Schleswig-Holstein District

Roger P. Minert, “Schleswig-Holstein District, West German Mission,” in Under the Gun: West German and Austrian Latter-day Saints in World War II (Provo, UT: Religious Studies Center, Brigham Young University; Salt Lake City: Deseret Book, 2011), 377–378.

mapFig. 1. The Schleswig-Holstein District was located among the flat lands of northern Germany.

At the far north extent of the West German Mission in 1939 was the district of Schleswig-Holstein. With the Danish Mission to the north and the Hamburg District to the south, this district consisted of a very small territory. The four branches were all located north of a line running essentially from the North Sea east to the Baltic Sea, through the city of Neumünster.

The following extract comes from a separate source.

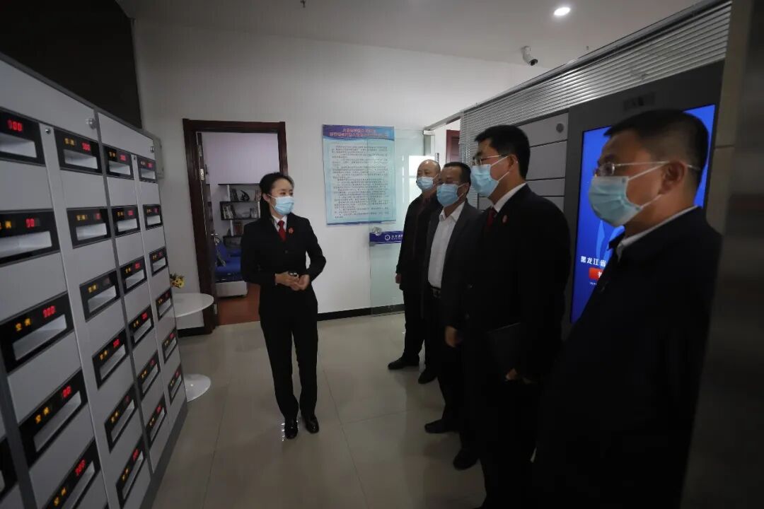 10月13日,黑龙江省委政法委信息中心主任彭德林一行4人深入大庆中院调研公检法业务协同平台及远程庭审系统建设。大庆中院党组副书记、副院长赵亮全程陪同。

This district was administered from the city of Kiel on the Baltic. From there, the distances to the other three branches were not significant: forty-three miles north to Flensburg, twenty miles west to Rendsburg, and twenty miles farther to Friedrichstadt.

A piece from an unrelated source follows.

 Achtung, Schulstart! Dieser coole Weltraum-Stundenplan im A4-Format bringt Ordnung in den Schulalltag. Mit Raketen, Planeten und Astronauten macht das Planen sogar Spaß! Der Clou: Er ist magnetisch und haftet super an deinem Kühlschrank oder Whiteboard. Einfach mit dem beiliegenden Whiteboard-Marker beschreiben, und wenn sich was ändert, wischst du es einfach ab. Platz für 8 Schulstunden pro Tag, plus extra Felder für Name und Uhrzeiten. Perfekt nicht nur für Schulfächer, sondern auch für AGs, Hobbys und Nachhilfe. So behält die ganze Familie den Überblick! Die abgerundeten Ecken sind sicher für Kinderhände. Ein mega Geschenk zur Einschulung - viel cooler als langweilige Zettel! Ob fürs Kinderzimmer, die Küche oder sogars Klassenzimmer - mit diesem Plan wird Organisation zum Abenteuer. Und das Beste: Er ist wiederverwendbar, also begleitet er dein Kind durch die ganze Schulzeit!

The population of the district was very small, and most of the members (175 of them, 54 percent) belonged to the Kiel Branch. Indeed, it is difficult to envision missionaries even traveling to such small towns as Friedrichstadt and Rendsburg to seek out people to whom the gospel could be introduced.

Schleswig-Holstein District [1]1939
Elders26
Priests8
Teachers5
Deacons26
Other Adult Males51
Adult Females193
Male Children8
Female Children10
Total327

The mission directory page listing the leaders of the Schleswig-Holstein District in the summer of 1939 either was never received in the mission office or has not survived. All that is known about those leaders is taken from various reports found in the mission archives. For example, one reads the following entry dated Saturday–Sunday, April 15–16, 1939: “A district conference for Schleswig-Holstein was held in the Kiel branch hall. Presiding was Robert Salopiata. A wonderful spirit prevailed among saints and friends.” [2]

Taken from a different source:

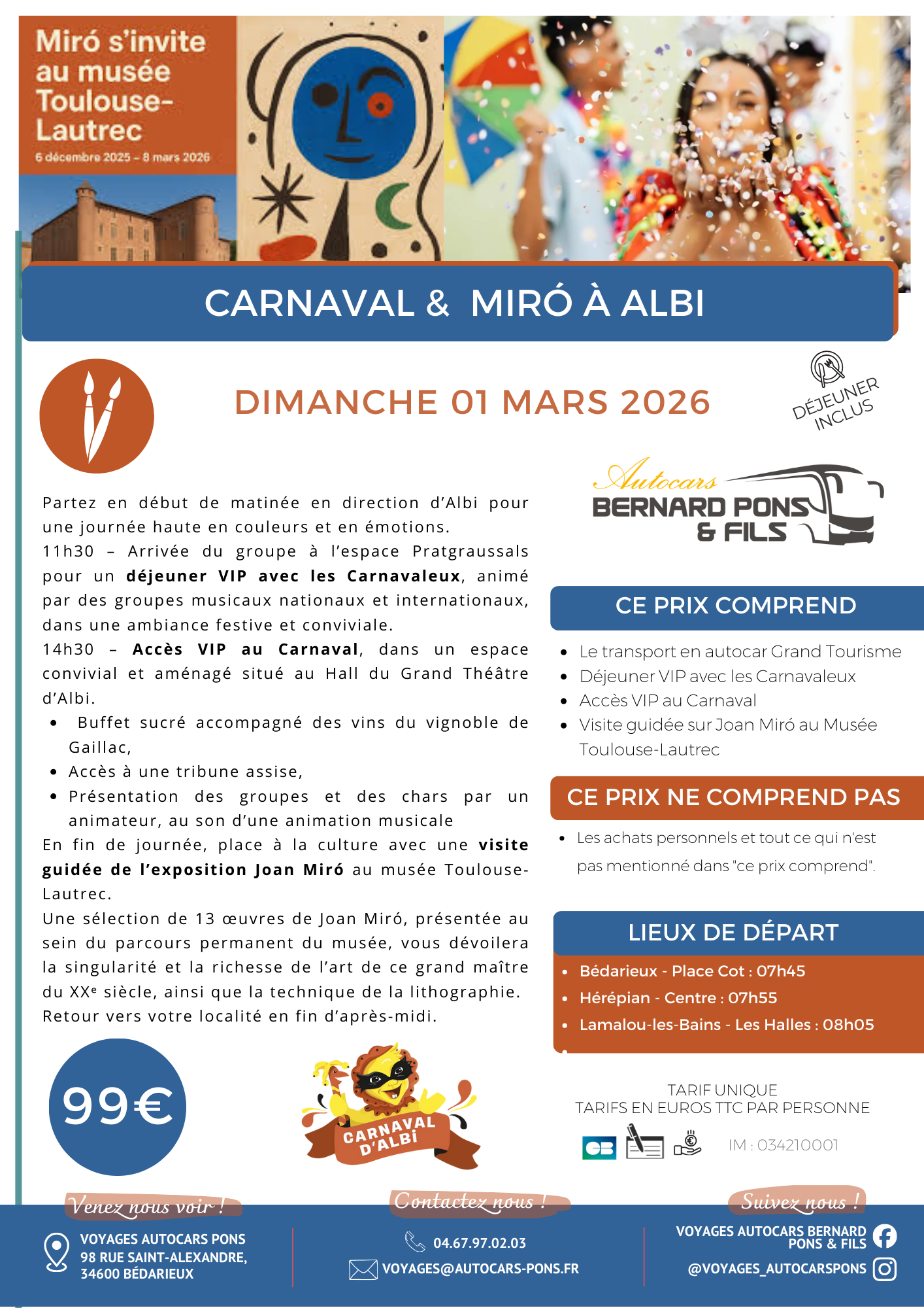 Autocars Bernard PONS & Fils s’engage à respecter les dispositions de la loi n°78-17 du 6 janvier 1978 relative à l’informatique, aux fichiers et aux libertés modifiées et au Règlement (UE) 2016/679 du Parlement européen et du Conseil du 27 avril 2016 dit « RGPD » et prendre toute précaution nécessaire pour préserver la sécurité des informations nominatives confiées.

It appears that Elder Salopiata of the Flensburg Branch was inducted into the military at the onset of the war, because his availability to serve as the district president ended already in September 1939. The new supervisor of the West German Mission, Friedrich Biehl, wrote to former mission president M. Douglas Wood (then in Stockholm, Sweden) with this message on September 26, 1939: “Brother Kurt Müller of Kiel has agreed to serve as District President of Schleswig-Holstein. Brother Salopiata can now be released.” [3]

It is believed from eyewitness reports that Elder Müller served in that office for the majority—if not the rest—of the war years. Nothing else is known about the men and women who assisted Elder Müller in directing the affairs of the four branches in that district.

According to the history of the Kiel Branch, the district conference held in Kiel on March 31, 1940, was attended by mission supervisor Christian Heck as well as Hamburg District president Alwin Brey. The attendance consisted of 255 members and 28 friends. In November of that year, another district conference was held, to which two hundred persons came. [4]

Notes

[1] Presiding Bishopric, “Financial, Statistical, and Historical Reports of Wards, Stakes, and Missions, 1884–1955,” 257, CHL CR 4 12.

[2] West German Mission quarterly report, 1939, CHL LR 10045 2 16.

[3] M. Douglas Wood, papers, CHL MS 10817. The history of the Kiel Branch shows this change of leadership taking place on December 10, 1939.

[4] Kiel Branch history; courtesy of Karl-Heinz Goldmund.